Bij sommige mensen wordt het zwart voor de ogen als ze overeind komen. Dat heeft ook met drukverschil te maken. Maar mijn bloeddruk is standaard vrij laag en soms als het te laag is dan wordt ik heel snel zwart voor mijn ogen.

----------


## dolfijnjorien

hoi hoi

nou ik had het in het begin idd ook als ik overeind kwam maar dat heb ik nu niet maar het komt nu gewoon zomaar uit het niets, de laatste keer dat ik me bloeddruk heb laten meten was afgelopen januari en toen was mijn bloeddruk wel goed, vrees dat dat nu ook het geval is. Bij mij word er ook altijd gezegd dat het door stress komt.... ben dus bang wanneer ik ermee naar de dokter ga dat der wordt gezegd ach komt door stress

----------


## sietske763

kan ook door bepaalde medicijnen komen!
of bloedarmoede??

----------


## dolfijnjorien

eum nou medicijnen gebruik ik niet (gelukkig)
Enne ja bloedarmoede dat heb ik afgelopen januari laten onderzoeken maar toen had ik het niet. Kzal volgende week wel ff naar de dokter bellen, hopelijk dat daar iets uit komt maar vrees STRESSSS dat die man dat gaat zegge

----------


## Sefi

Ik heb inderdaad ook jaren chronische hyperventilatie gehad en in die tijd had ik er ook veel meer last van.

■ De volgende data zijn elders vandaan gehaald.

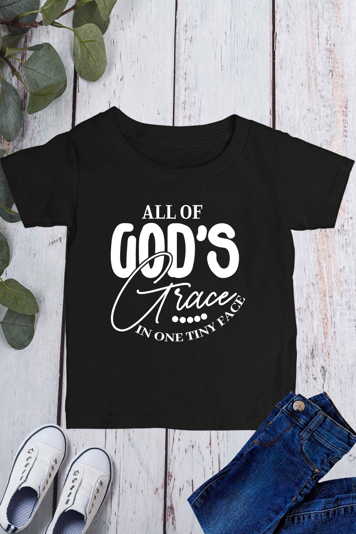 Discover the perfect shirt for your little one with our All of God’s Grace In One Tiny face Kids Shirt. Made with high-quality materials and featuring a beautiful design, this shirt reminds us of the precious gift of life and the grace that comes along with it. Let your child wear their faith with this unique and comfortable shirt.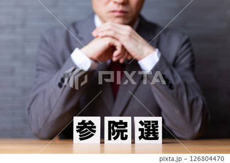 参院選のブロックとスーツを着て悩むミドル男性ビジネスマン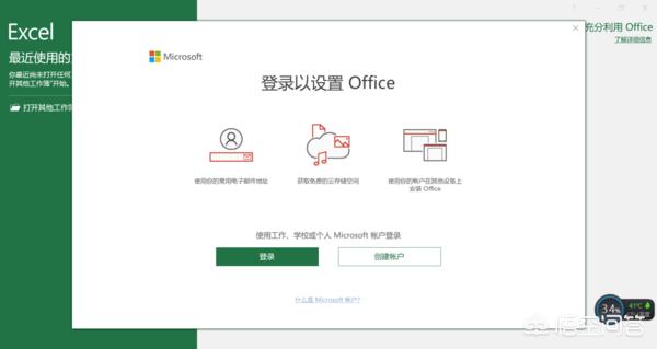 4、先确认操作系统已经激活,然后点击开始菜单并打开任意一款Office软件,例如Excel 2016,打开后会弹出“登录以设置Office”,如果已经注册了微软账户,需点击“登录”;如果尚未注册微软账户,需点击“创建账户”并按照提示注册一个微软账户。
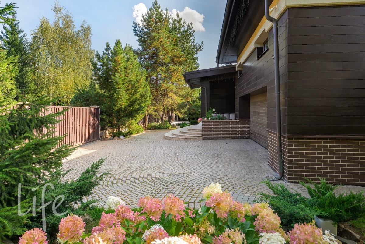 По периметру растут взрослые деревья, вокруг дома вымощены дорожки и организовано вечернее освещение.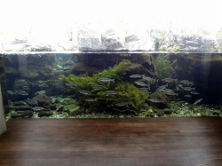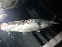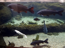 ここは淡水魚の水族館です。那珂川ゾーンの水槽です。うたい文句は「那須岳から自然豊かな那須野が原、八溝の大地を流れ下る那珂川が育む魚たちの生活を覗いてみて下さい」です。 |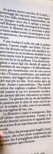 In questa nuova raccolta di Lodoli, i personaggi dei racconti sono come legati tra loro dalla medesima inquietudine, da un bisogno cieco che li spinge a cercare nell'illusione o nella menzogna la forza per vivere: le illusioni che ci accecano e però ci fanno andare avanti, le menzogne, a volte spaventose, che riempiono la nostra esistenza.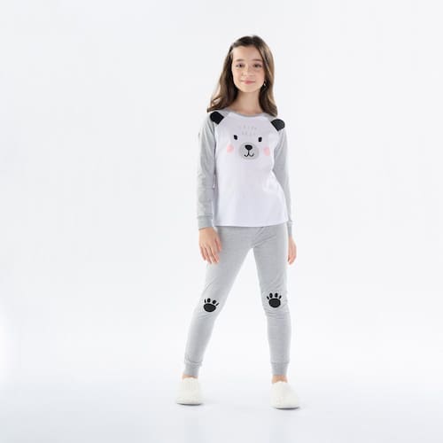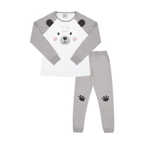 Nosso conjunto de pijama é composto pela blusa e a calça em tecidos meia malha na cor branco com mescla cinza. A blusa de manga longa possuí estampa frontal de ursinho com orelhas interativas e a calça com elastano na cintura também possuí estampa de patinhas de urso no joelho. Assim a hora do soninho se torna mais leve, quentinha e alegre!\n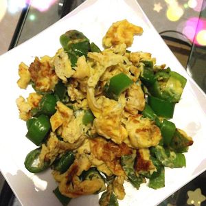 热锅倒入油 待油热后下葱花爆香 倒入青椒翻炒放盐鸡精炒匀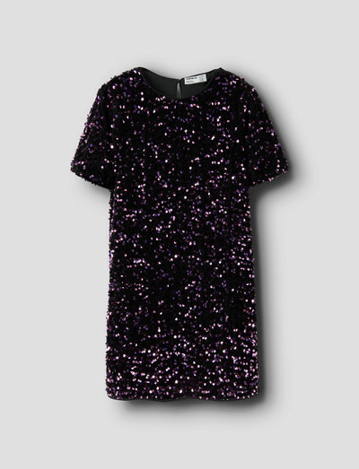 See kootud kleit sobib suurepäraselt pidudeks ja erilisteks sündmusteks ning sellel on tekstuuriga pind ja klassikaline ristikmuster. Sellel on lühikesed varrukad, ümmargune kaelus ja tavaline lõige ning taga on nööpkinnitus. Kleiti on kaunistatud litritega, mis lisavad sära.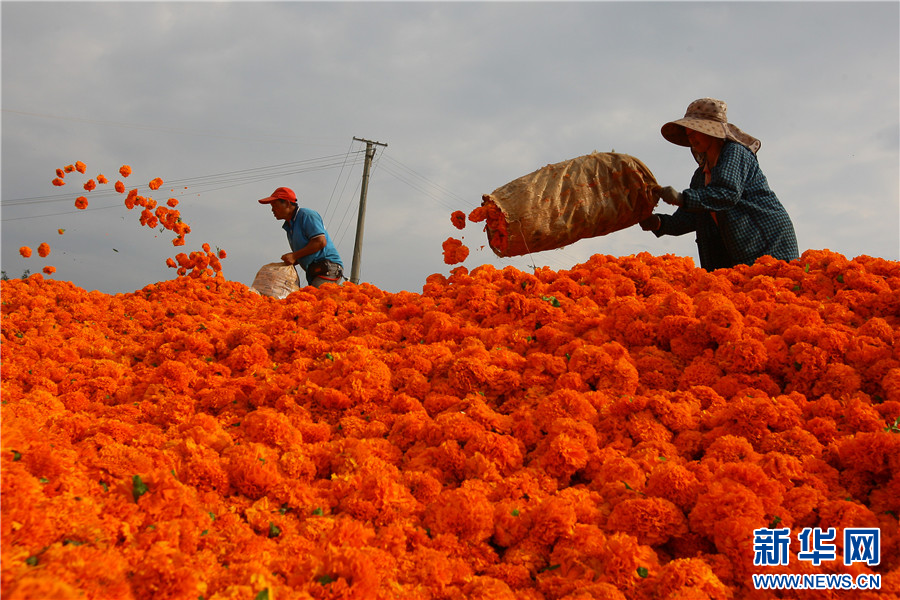 8月13日,云南省曲靖市沾益區白水鎮中心村,花農將萬壽菊倒入車箱。

Bij mij werd ook gezegd stress, maar op zich was ik niet zo erg gestressd. Ik haalde gewoon verkeerd adem en uiteindelijk heb ik een goede therapeut gevonden die me leerde goed te ademen en daarna was ik een hele hoop klachten kwijt. Allemaal klachten die volgens de dokters door stess zouden komen.

----------


## Agnes574

Ik zie soms sterretjes en zwarte vlekken voor m'n ogen als ik te weinig heb gedronken... (dit wil zeggen > te weinig water,thee of andere non-alcoholische dranken.. in geen geval bedoel ik hier alcohol mee!)

----------


## dolfijnjorien

Heyy,

Ben vanmiddag bij de dokter geweest en zoals ik al wel had gedacht kwam het van stress, me bloeddruk was goed alleen men pols sloeg wel te snel en te hard en als ik meer klachten kreeg moest ik maar weer komen, maar goed dit gaat al 3 of 4 jaar zo dus ga der ook niet weer mee heen. Maar goed we zullen wel zien

@ sefi; ja ik moet volgende week weer naar mijn therapeut toe waarvoor ik ook voor hyperventilatie liep zal der met haar ook nog wel over hebben. 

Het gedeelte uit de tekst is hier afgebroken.